WASHINGTON (HedgeWorld.com)–The chairman of the Securities and Exchange Commission testified before a committee of the Senate on investor-protection issues as they relate both to mutual funds and hedge funds.
In his address to the banking committee April 8, William H. Donaldson commended its members on the breadth of their oversight hearings since late trading and market-timing abuses came to light last fall.
“Like you,” he said, “I am outraged by the conduct that has come to light in the recent mutual fund scandals. In large part, I believe that the [mutual fund] industry lost sight of certain principles–in particular its responsibility to millions of investors who entrusted their life’s savings in this industry for safekeeping.”
The chairman told the committee that he doesn’t believe the SEC requires new statutory mandates in order to take remedial action. If, as the SEC moves to reform the mutual fund industry, it discovers critical issues that Congress should address with new legislation, it will inform Congress of that discovery but “I do not believe that legislation is necessary at this time.”
Mr.
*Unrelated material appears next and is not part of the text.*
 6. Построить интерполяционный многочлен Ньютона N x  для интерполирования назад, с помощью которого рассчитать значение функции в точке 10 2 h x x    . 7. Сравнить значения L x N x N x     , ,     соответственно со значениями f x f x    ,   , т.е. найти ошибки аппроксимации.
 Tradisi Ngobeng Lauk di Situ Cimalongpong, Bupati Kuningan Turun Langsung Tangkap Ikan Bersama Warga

Donaldson spent much of his time addressing what he called his “personal concerns related to hedge funds,” with the caveat that his views on hedge funds are his own and do not reflect the views of the entire SEC.
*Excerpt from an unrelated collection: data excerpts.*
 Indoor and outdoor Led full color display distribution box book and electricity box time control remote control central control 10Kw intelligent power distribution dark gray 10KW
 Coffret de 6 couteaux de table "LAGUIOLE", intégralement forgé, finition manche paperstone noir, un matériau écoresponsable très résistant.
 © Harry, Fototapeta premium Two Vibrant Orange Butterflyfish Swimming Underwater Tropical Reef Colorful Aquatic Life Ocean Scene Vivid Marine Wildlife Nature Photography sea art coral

He had five questions that he believes the SEC must consider about hedge funds:
1.How are hedge fund managers pricing the securities in their portfolios?
2.What practices are in place regarding hedge funds’ use of and access to inside information?
3.How do hedge fund managers conduct their securities trading?
4.What prevents hedge funds from front-running mutual funds or other large investors?
5.What are hedge funds’ activities regarding initial public offerings?
Under current rules, he said, the SEC is limited in how it can gather information on these subjects. He complained that unnamed critics of the SEC have been having it both ways: on one hand urging that the SEC become more proactive in preventing emerging abuses, on the other hand handicapping its ability to obtain the information that would make that possible.
Although Mr. Donaldson made it clear that he believes record keeping and other regulatory requirements may be or become appropriate for the hedge fund industry, he also said that he recognizes that hedge funds have a distinctive role in today’s financial markets and should be allowed to function as they do, without regulatory impediment. In order to strike the right balance, he said, “we could consider both a form of registration for hedge fund managers and an oversight regime different from that which we use for other, more heavily regulated industries, like mutual funds. They could be specifically tailored to the unique dynamics of these types of managers.”